Scanning invoices is a great start, but that's really the lowest common denominator in the paperless office initiative. OCR, or object character recognition, is the tool you really need.
Not only does it make the scanned invoice file size smaller (a text file is significantly smaller than an image), but it unlocks one vital and important feature—search.
Searchable OCR-converted invoices, then, allow the AP department to quickly and effortlessly find transactions by date, vendor, amount, or even item number. By converting the invoice into a computer-readable format, the accounting software can begin to glean insights from the data, unlocking intelligence.
Mac, PC, tablet, or smartphone—today's modern accountant needn't concern him or herself with any of this. That's precisely what a cloud-based arsenal of tools affords the accountant—the ability to work on any piece of hardware anywhere they may be at any time of day.

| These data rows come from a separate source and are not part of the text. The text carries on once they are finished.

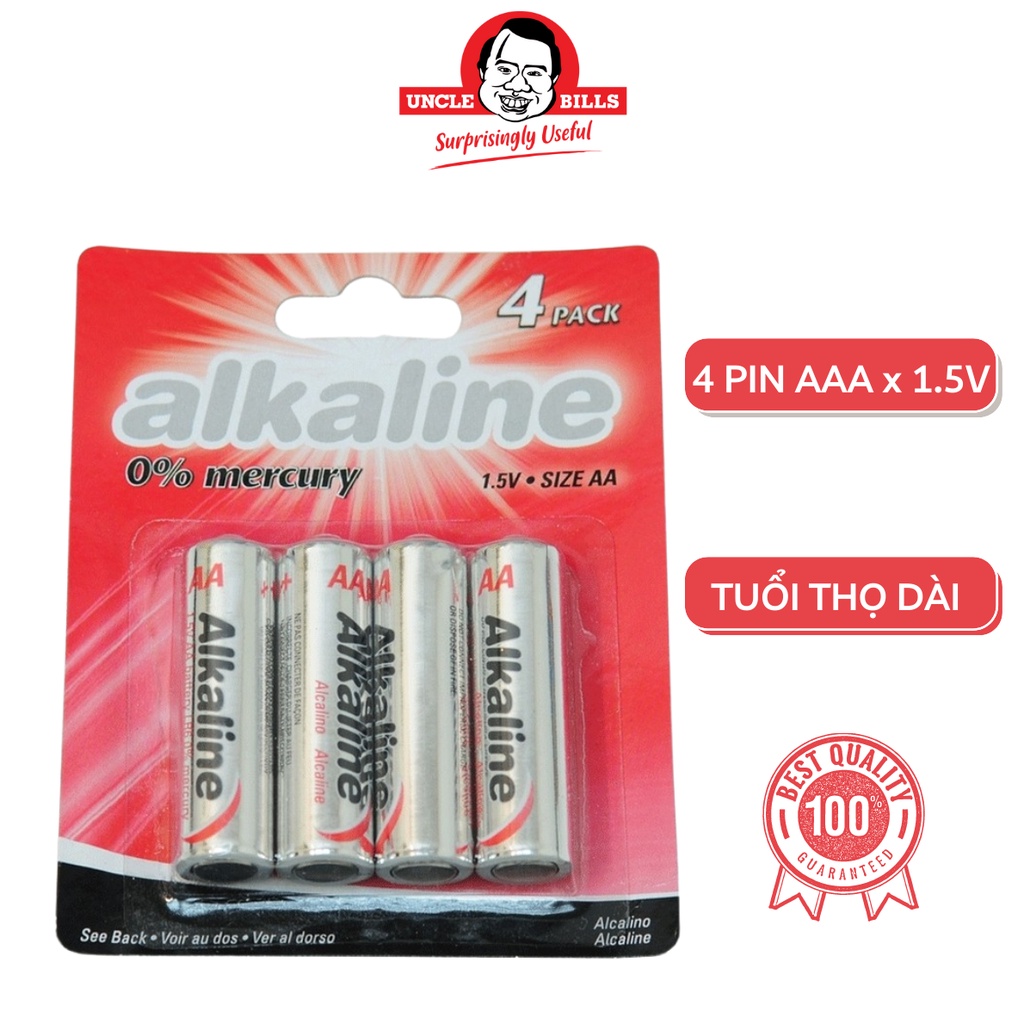 Bộ 4 Pin Alkaline AA điện thế 1.5V Uncle Bills IB0031 hàng nhập khẩu chính hãng siêu bền pin loa kẹo kéo mic không dây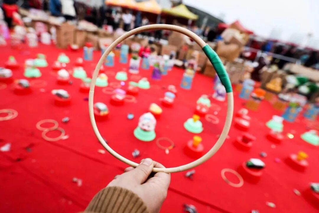 春节期间,文化广场附近,各种套圈游戏吸引着孩子们的兴趣。“10块钱33个圈,而且很多陶瓷摆件挺好看的,孩子也喜欢,就想让她亲手套上。”在一旁带着女儿玩的黄女士说,她是80后,小时候父亲带着自己也这样玩,现在轮到自己带着女儿出来,感觉很奇妙。“这个游戏记录了我的童年,现在又成了我女儿童年的美好记忆。我们那一代人就在这样的传统游戏里长大了,现在玩起来就像回到了小时候。”
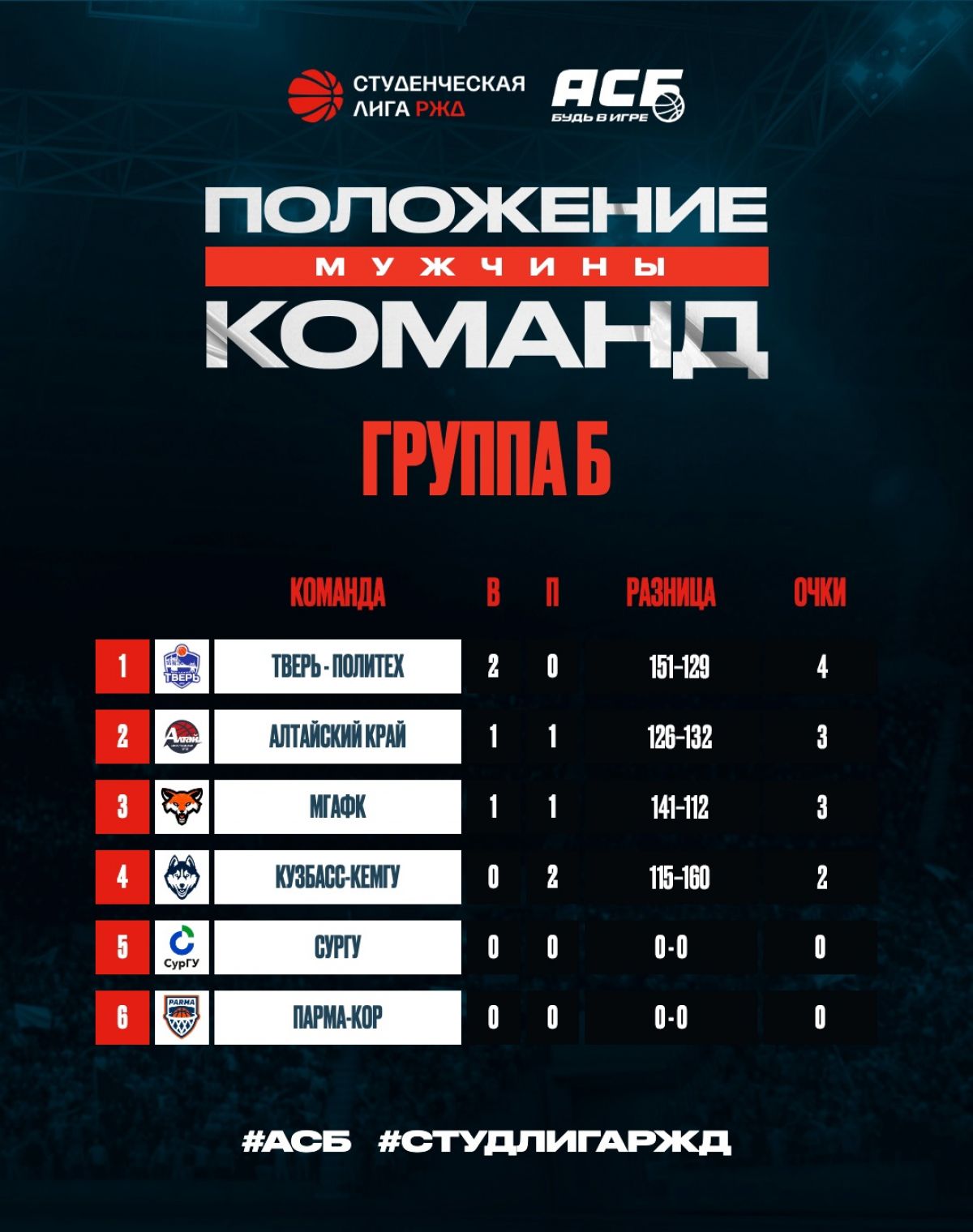 Напомним, Лига РЖД - элитный дивизион Ассоциации студенческого баскетбола. Среди участников - сборная Алтайского края. Всего в первом раунде соревнований играют 25 команд. Коллективы разбиты на четыре группы. Наша команда выступает в группе «Б». В подгруппе шесть команд - «Алтайский край» (Барнаул), МГАФК (Москва, Малаховка), «Тверь-Политех» (Тверь), «Кузбасс-КемГУ» (Кемерово), «СурГУ» (Сургут) и «ПАРМА-КОР» (Пермский край). На первом этапе участники соревнований играют турами.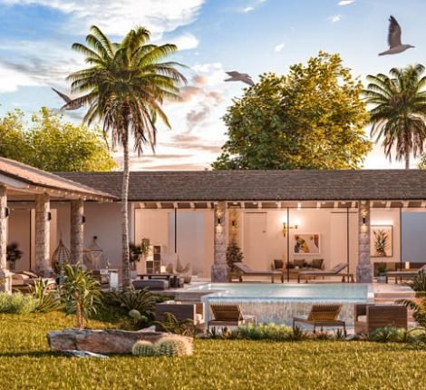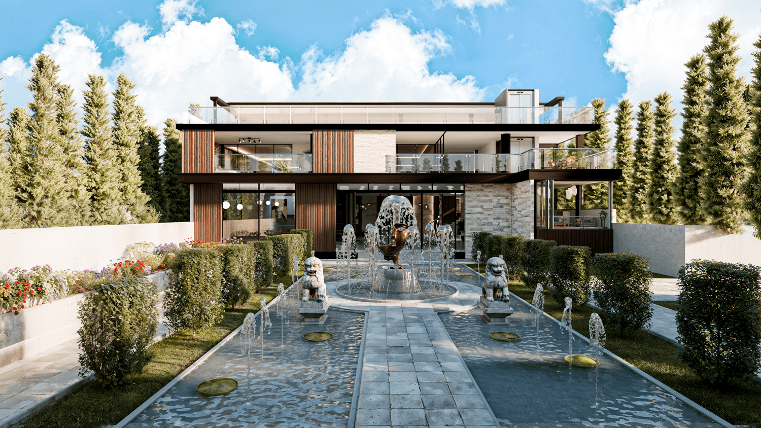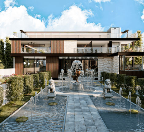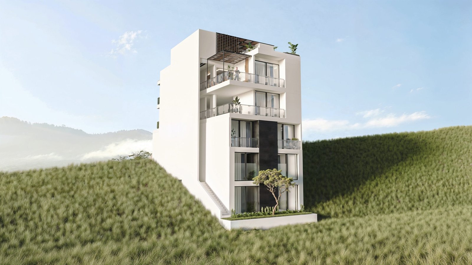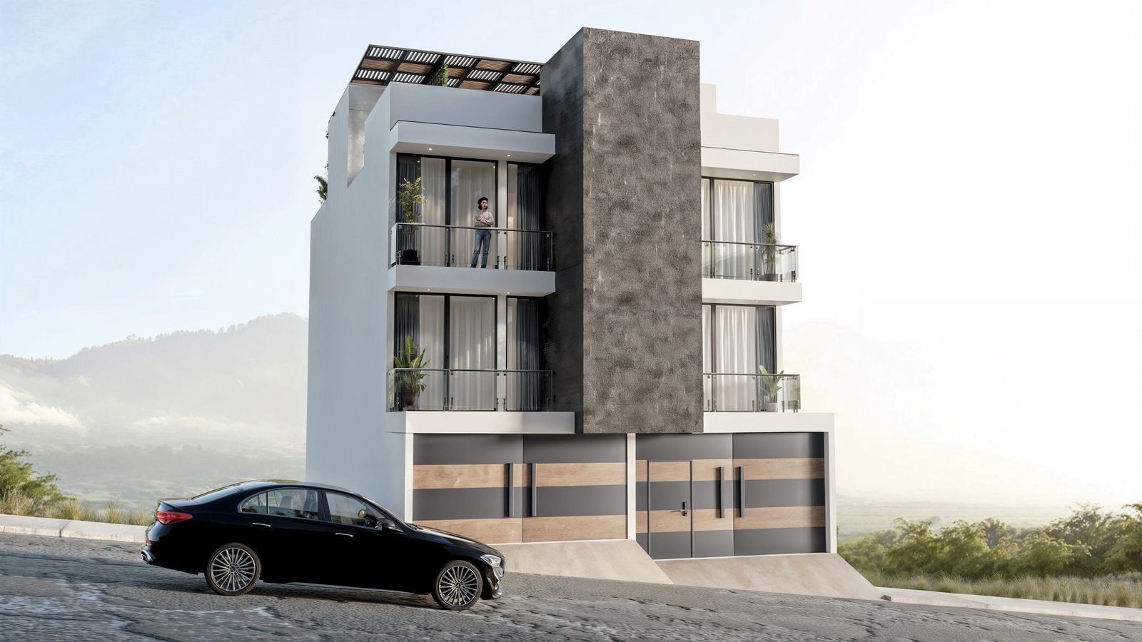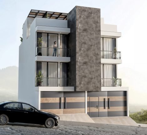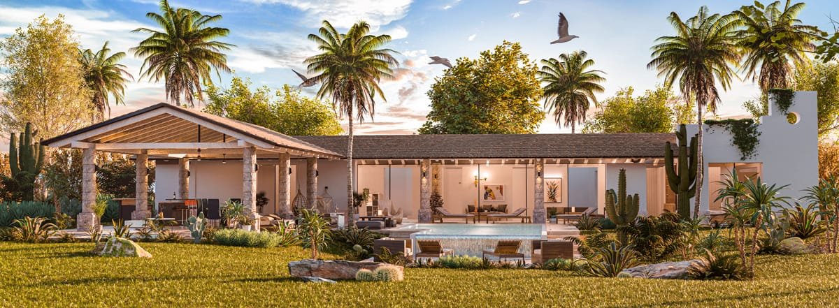 Renders 3D de exteriores y fachadas: viviendas, edificios y conjuntos con paisaje e iluminación realista.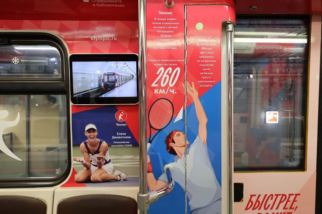 Поезд также содержит познавательные факты о спорте. Пассажиры смогут узнать, зачем замораживают шайбу перед хоккейным матчем, какова средняя скорость горнолыжника на спуске и сколько веса теряют керлингисты во время состязаний.
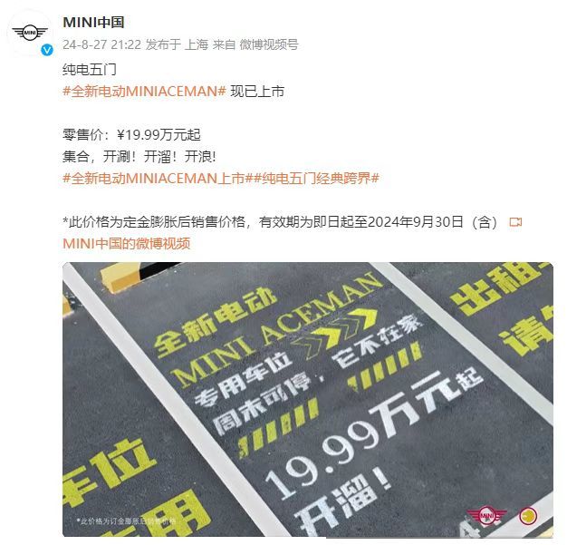 值得买官网消息 8月27日,MINI中国官方微博宣布,全新电动MINI ACEMAN现已上市,零售价19.99万元起,此价格为定金膨胀后销售价格,有效期为即日起至2024年9月30日(含)。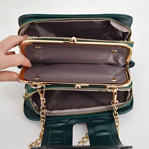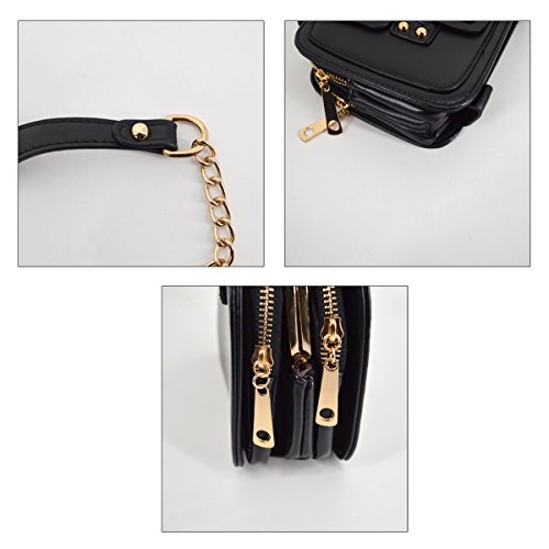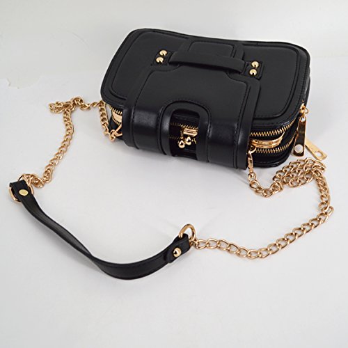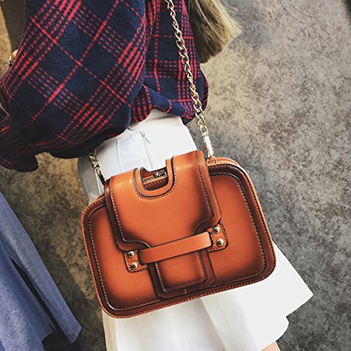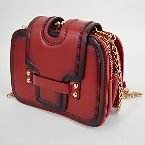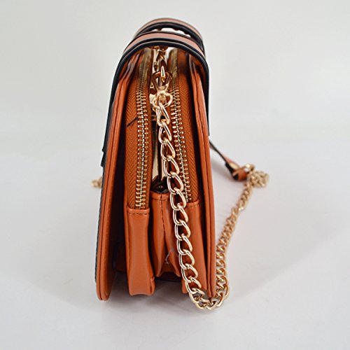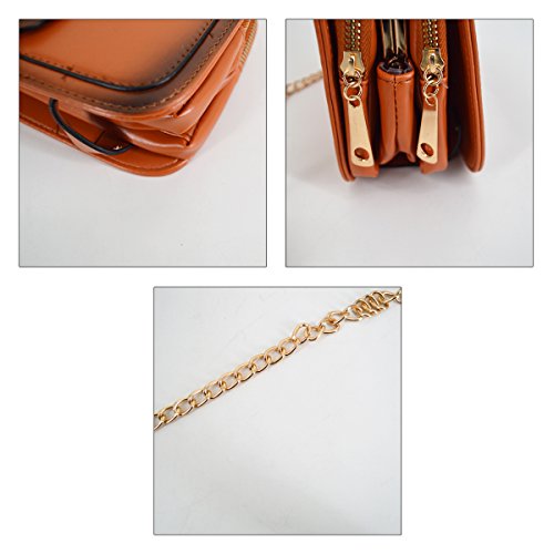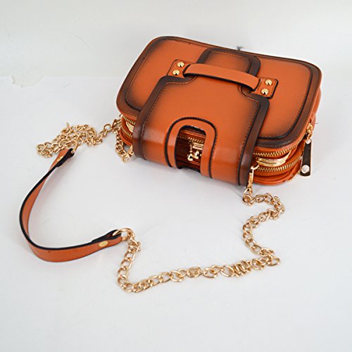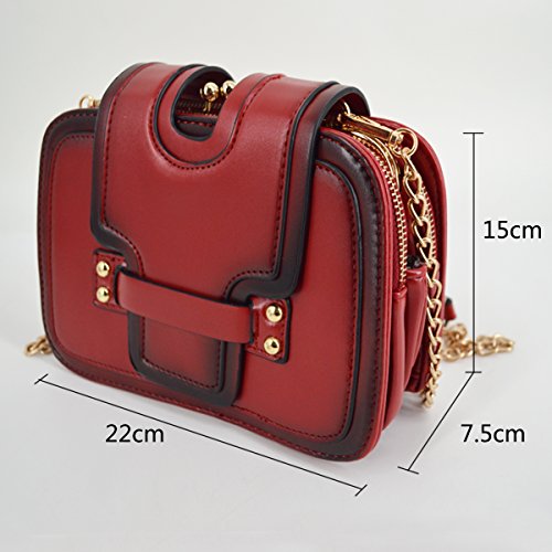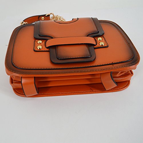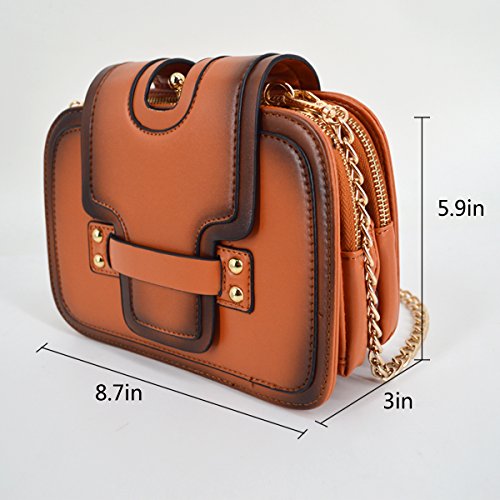 Gold tone chain shoulder strap, detachable versatile design, three chic wearing ways. Trendy vintage design, deliberately fading effect, perfect for all occasions. Three layer folding compartments, enough bag space to meet your daily needs.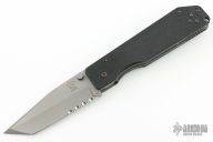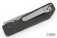 Tactical folder made by Buck with Strider engineering. Bead blasted tanto partially serrated blade with notched thumbrest and dual thumbstuds. The handle has black G-10 scales, bead blasted titanium liners, tip up stainless steel clip. Comes with original box and papers. Has a couple light scuffs, otherwise excellent condition.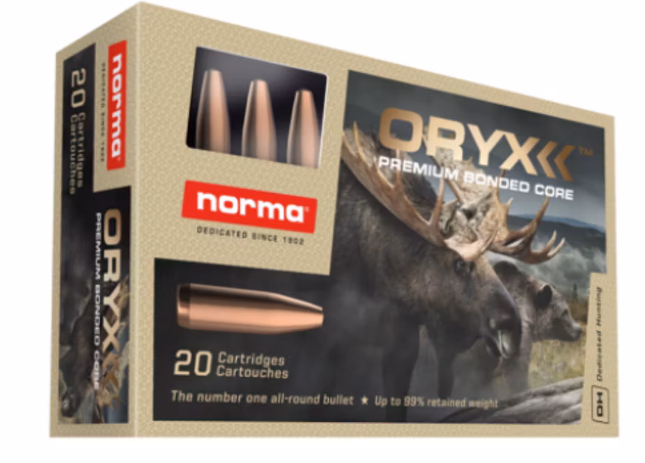 Norma Oryx Oryx-kulor är kända för sin goda precision, massiva expansion och höga restvikt. Denna bonded design passar allroundjägaren som vill förenkla valet av patron för jakt. Tack vare dess utmärkta prestanda har Oryx snabbt blivit en av de mest populära kulorna från Norma.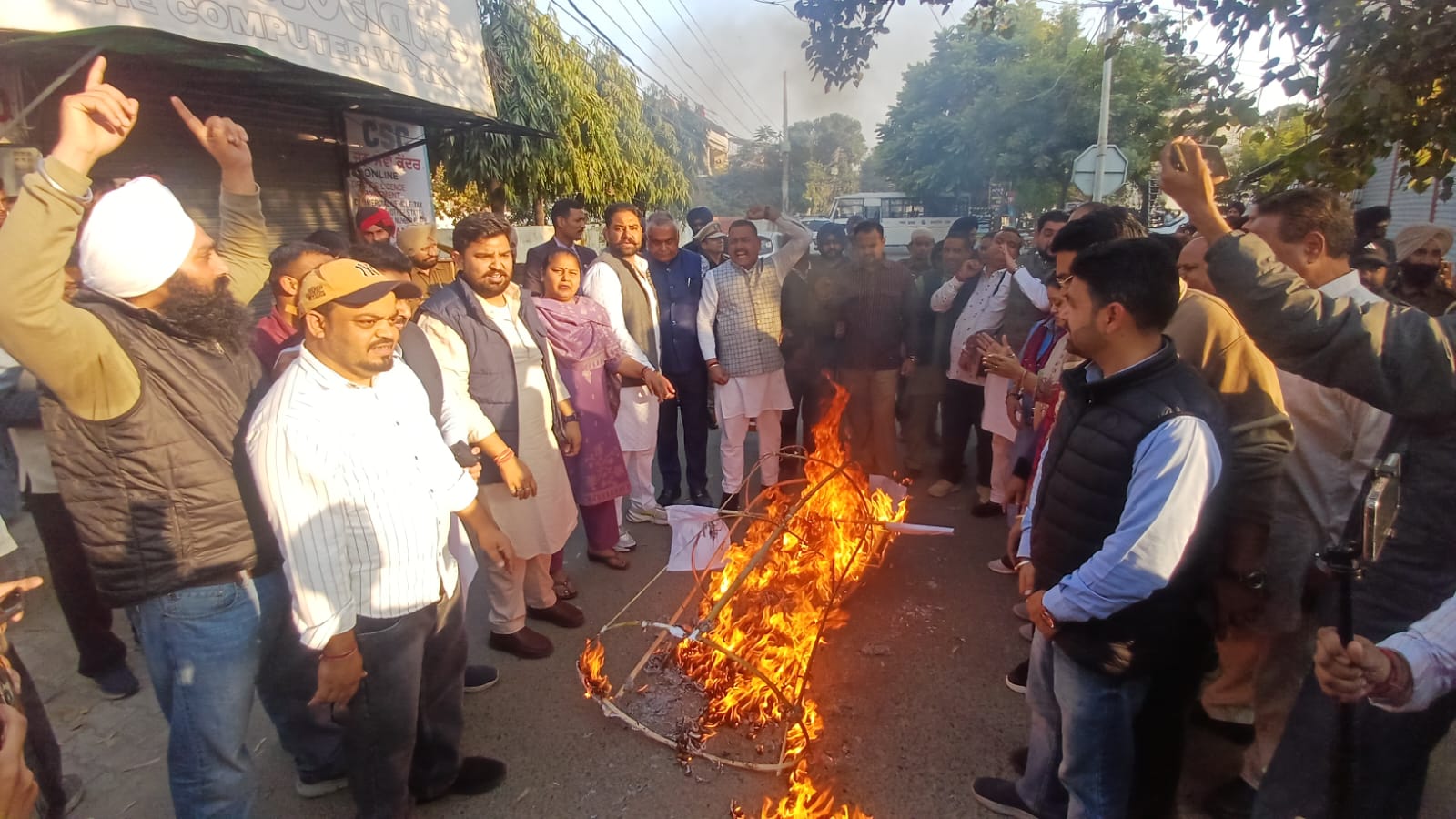 जालंधर ( )भारतीय जनता पार्टी युवा मोर्चा अध्यक्ष पंकज जुल्का की अध्यक्षता में सैंकड़ों भाजपा युवा मोर्चा कार्यकर्ताओं ने अंतरराष्ट्रीय ए.आई समिट में कांग्रेस के कार्यकर्ताओं द्वारा विरोध प्रदर्शन के खिलाफ स्थानीय कांग्रेस भवन के बाहर पुतला फूंक प्रदर्शन किया।जिसमे सैकड़ों की गिनती मे युवा भाजपाइयों,वरिष्ठ नेताओ समेत सभी मोर्चा,सैलो के लोग शामिल हुए। इसमें विशेष रूप से भाजपा जिलाध्यक्ष सुशील शर्मा,पूर्व सीपीएस और प्रदेश भाजपा उपाध्यक्ष केडी भंडारी, पूर्व विधायक शीतल अंगुराल, भाजपा जिला महामंत्री अशोक सरीन हिक्की,राजेश कपूर, अमरजीत सिंह गोल्डी आदि उपस्थित थे।इस अवसर पर भाजपा कार्यकर्ताओं में रोष चरम सीमा पर था और उन्होंने राहुल गांधी मुर्दाबाद, कांग्रेस पार्टी मुर्दाबाद के जमकर नारे लगाए।इस अवसर पर सुशील शर्मा ने कहा कि लगातार अपनी हार से बौखलाए राहुल गांधी और कांग्रेस सभी संवैधानिक सीमाएं भूल चुके हैं और निरंतर अमर्यादित कृत्यों को अंजाम दे रहे है। उन्होंने कहा कि एक और भारत सारे विश्व का अग्रणी देश बनने जा रहा है और ऐसे महत्वपूर्ण और देश के विकास को रफ़्तार देने वाले कार्यक्रम के दौरान युवा कांग्रेस के कार्यकर्ताओं द्वारा विरोध प्रदर्शन करना अत्यंत दुर्भाग्यपूर्ण और शर्मनाक है। उन्होंने कहा कि इससे भारत की अंतर्राष्ट्रीय स्तर पर गरिमा को नुकसान पहुंचा है।इस मौके केडी भंडारी ने कहा कि जहां अन्तर्राष्ट्रीय मंच पर भारत वैश्विक स्तर पर अपने कुशल नेतृत्व को प्रस्तुत कर रहा था वहीं उसी मंच पर युवा कांग्रेस के कार्यकर्ताओं द्वारा आकर विरोध प्रदर्शन करना न केवल अनुचित बल्कि अस्वीकार्य है।उन्होंने कहा कि यह कांग्रेसियों का राष्ट्र विरोधी कृत्य है।इस मौके शीतल अंगुराल ने कहा कि कांग्रेसी कार्यकर्ताओं का विरोध पार्टी की राष्ट्र विरोधी नीतियों को जगजाहिर करता है। उन्होंने कहा कि उनका कार्यक्रम में आकर विरोध करना भारत की अंतर्राष्ट्रीय प्रतिष्ठा को आघात पहुंचाता है।इस मौके पंकज जुल्का ने कहा कि कांग्रेस ने आज़ादी के बाद देश में जमकर लूट की है और जब देश आर्थिक रूप से संपन्नता की राह पर आगे बढ़ रहा है उसी रास्ते में कांग्रेसियों की देश विरोधी सोच अंतर्राष्ट्रीय मंच पर देखने को मिली है।इस मौके भाजपा युवा मोर्चा जिला महामंत्री सूर्या मिश्रा और वरुण दुबे, दीपाली बागड़िया, शालू,पंकज लुथरा, विकास शारदा, निखिल जोशी,चेतन,गौरव राय, दीक्षित नीरज, हरप्रीत सिंह, संतोष,अश्वनी गोंधी, प्रदीप खुल्लर,सोनू, सूरज, पार्थ दीक्षित,काका, मीता,विकास भारद्वाज, चंदन रखेजा, गुरमीत सिंह, आर के मल्होत्रा, मोहिंदर आदि उपस्थित थे।

But that's just one of the advantages to these types of software solutions.
Another common feature of a cloud-based accounting system is its software-as-a-service—or SaaS—licensing. Instead of paying for off-the-shelf accounting software and its subsequent updates, modern AP departments can simply purchase access to a platform. This makes management easier, as it's handled by the licensing company. Upgrades are rolled out as they're made available and important financial data is always secured and backed up.
But the best feature that cloud-based software offers is its open-ended design. The implementation of APIs, or application program interfaces, allows data from one application to flow into another, which solves the huge data visibility problem created by insular locally-run software.
Payables knows when to pay a supplier. Receivables knows when to expect payment. Procurement knows alternative suppliers from which to source materials. And the warehouse staff knows what's on hand.
Unfortunately, the data generated from these departments are kept insular. This is known as data siloing—a problem that stifles insights and analytics.
Connecting these data silos is the precursor to business intelligence. Directing this stream of data to an ERP allows analysts and C-suites alike to make insightful decisions backed by data, which is especially pertinent when you've adopted—or are aspiring to—just-in-time business practices and ideologies.
AP is racing against the clock, working tirelessly to get payments authorized and sent out to suppliers. So when the phone rings and an accountant has to field a payment status call, valuable moments are lost in what otherwise should be spent performing AP's primary duty—paying suppliers.
These supplier payment portals are the self-service payment inquiry calls.
Suppliers log in to quickly check payment status. They can reference all past payments and compare them with invoice totals, matching receivables' totals. The supplier portal can also serve a valuable tool in referencing 1099s come year's end.
And that leaves AP staff with its undivided attention to pay suppliers on time—or better yet, sooner than expected to take advantage of discounts.
Implementing any set of the tools mentioned above enables AP to shorten the time between invoice processing and payments. And once AP can shorten this payments workflow, it becomes eligible to dynamic discounting along with other forms of rebates.
Simply put, the faster an organization can go from invoice received, to processed, all the way to paid, the faster it can start saving.
And savings, after all, is one of the best tools a business can take advantage of.